### DATA RECORDS ###

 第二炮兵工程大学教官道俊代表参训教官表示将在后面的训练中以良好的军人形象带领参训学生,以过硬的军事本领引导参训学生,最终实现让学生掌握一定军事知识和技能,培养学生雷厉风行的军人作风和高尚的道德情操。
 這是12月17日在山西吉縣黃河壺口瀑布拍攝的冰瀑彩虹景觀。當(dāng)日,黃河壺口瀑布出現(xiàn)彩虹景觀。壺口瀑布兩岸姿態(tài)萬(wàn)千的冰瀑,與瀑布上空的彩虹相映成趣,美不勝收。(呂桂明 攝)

###
### DATA RECORDS ###

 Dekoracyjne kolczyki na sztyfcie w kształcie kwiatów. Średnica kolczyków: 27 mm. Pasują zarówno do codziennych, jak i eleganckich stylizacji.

###

WHAT YOU SHOULD DO >> Both end lines included, restate word for word the lines above from the line with "第二炮兵工程大学教官道俊代表" to the line with "這是12月17日在山西吉縣黃", and nothing else.

RESPONSE BOX >>
 第二炮兵工程大学教官道俊代表参训教官表示将在后面的训练中以良好的军人形象带领参训学生,以过硬的军事本领引导参训学生,最终实现让学生掌握一定军事知识和技能,培养学生雷厉风行的军人作风和高尚的道德情操。
 這是12月17日在山西吉縣黃河壺口瀑布拍攝的冰瀑彩虹景觀。當(dāng)日,黃河壺口瀑布出現(xiàn)彩虹景觀。壺口瀑布兩岸姿態(tài)萬(wàn)千的冰瀑,與瀑布上空的彩虹相映成趣,美不勝收。(呂桂明 攝)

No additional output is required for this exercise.